++++ WORKING DATA ++++
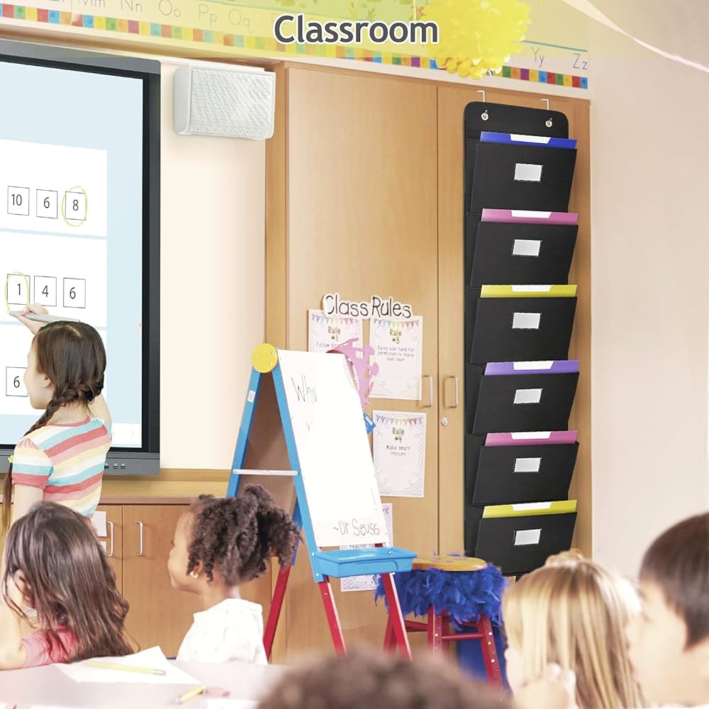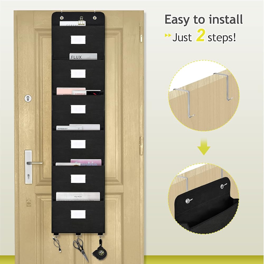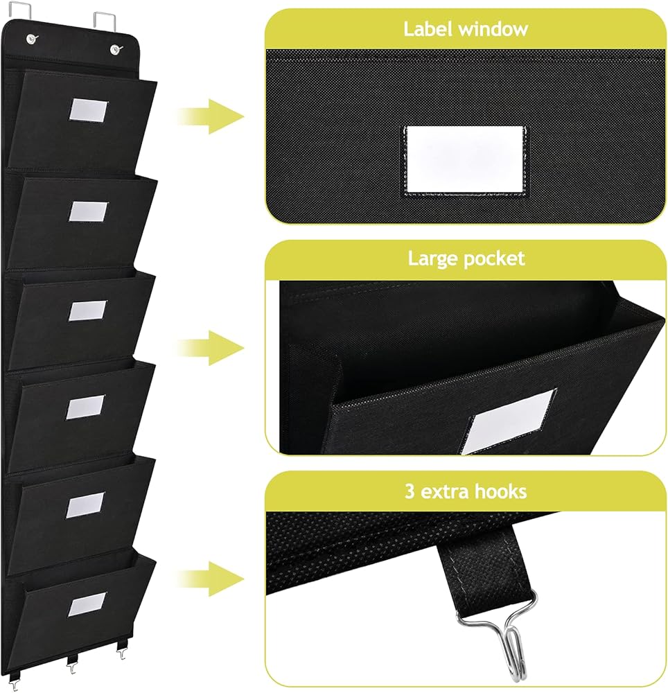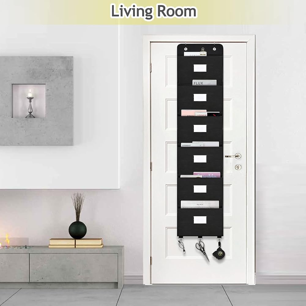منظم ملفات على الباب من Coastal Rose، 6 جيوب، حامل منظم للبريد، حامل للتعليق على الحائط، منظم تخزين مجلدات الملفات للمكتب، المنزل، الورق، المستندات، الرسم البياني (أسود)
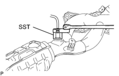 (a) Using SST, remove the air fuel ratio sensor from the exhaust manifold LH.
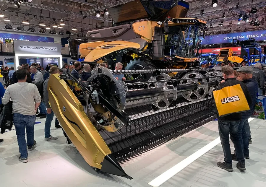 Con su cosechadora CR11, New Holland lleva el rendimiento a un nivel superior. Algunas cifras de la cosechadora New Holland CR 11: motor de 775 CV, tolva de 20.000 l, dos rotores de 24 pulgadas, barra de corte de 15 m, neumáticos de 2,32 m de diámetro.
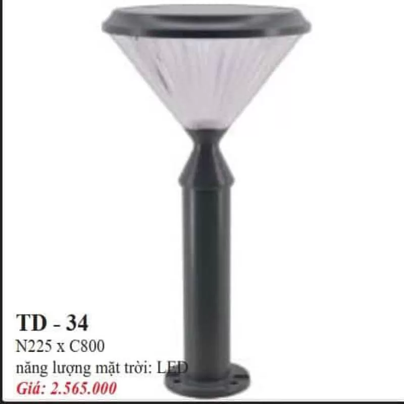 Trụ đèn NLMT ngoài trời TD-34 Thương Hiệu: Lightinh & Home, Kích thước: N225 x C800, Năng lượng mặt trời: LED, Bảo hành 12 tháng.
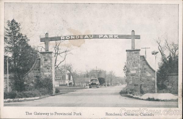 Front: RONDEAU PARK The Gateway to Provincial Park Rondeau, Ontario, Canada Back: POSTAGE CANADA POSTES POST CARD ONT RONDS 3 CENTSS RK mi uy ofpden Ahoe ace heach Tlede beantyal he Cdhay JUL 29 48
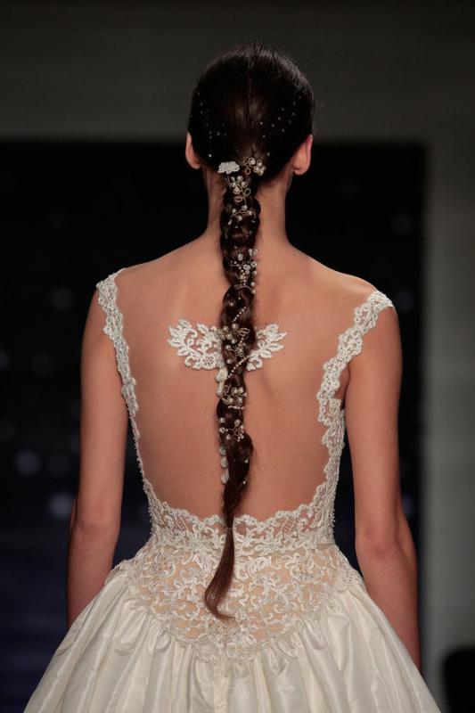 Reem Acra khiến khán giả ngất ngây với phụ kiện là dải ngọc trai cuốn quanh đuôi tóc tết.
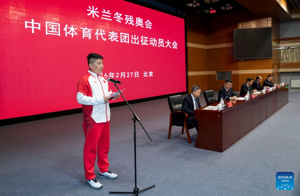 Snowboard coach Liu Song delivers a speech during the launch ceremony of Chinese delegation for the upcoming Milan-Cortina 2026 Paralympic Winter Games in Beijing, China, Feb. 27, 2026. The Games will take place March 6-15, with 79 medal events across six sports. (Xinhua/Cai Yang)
++++
◆ EXERCISE REQUIREMENTS: If a line holds a picture, skip the picture and transcribe the rest of the material exactly.

◆ WORKED SOLUTION:
منظم ملفات على الباب من Coastal Rose، 6 جيوب، حامل منظم للبريد، حامل للتعليق على الحائط، منظم تخزين مجلدات الملفات للمكتب، المنزل، الورق، المستندات، الرسم البياني (أسود)
 (a) Using SST, remove the air fuel ratio sensor from the exhaust manifold LH.
 Con su cosechadora CR11, New Holland lleva el rendimiento a un nivel superior. Algunas cifras de la cosechadora New Holland CR 11: motor de 775 CV, tolva de 20.000 l, dos rotores de 24 pulgadas, barra de corte de 15 m, neumáticos de 2,32 m de diámetro.
 Trụ đèn NLMT ngoài trời TD-34 Thương Hiệu: Lightinh & Home, Kích thước: N225 x C800, Năng lượng mặt trời: LED, Bảo hành 12 tháng.
 Front: RONDEAU PARK The Gateway to Provincial Park Rondeau, Ontario, Canada Back: POSTAGE CANADA POSTES POST CARD ONT RONDS 3 CENTSS RK mi uy ofpden Ahoe ace heach Tlede beantyal he Cdhay JUL 29 48
 Reem Acra khiến khán giả ngất ngây với phụ kiện là dải ngọc trai cuốn quanh đuôi tóc tết.
 Snowboard coach Liu Song delivers a speech during the launch ceremony of Chinese delegation for the upcoming Milan-Cortina 2026 Paralympic Winter Games in Beijing, China, Feb. 27, 2026. The Games will take place March 6-15, with 79 medal events across six sports. (Xinhua/Cai Yang)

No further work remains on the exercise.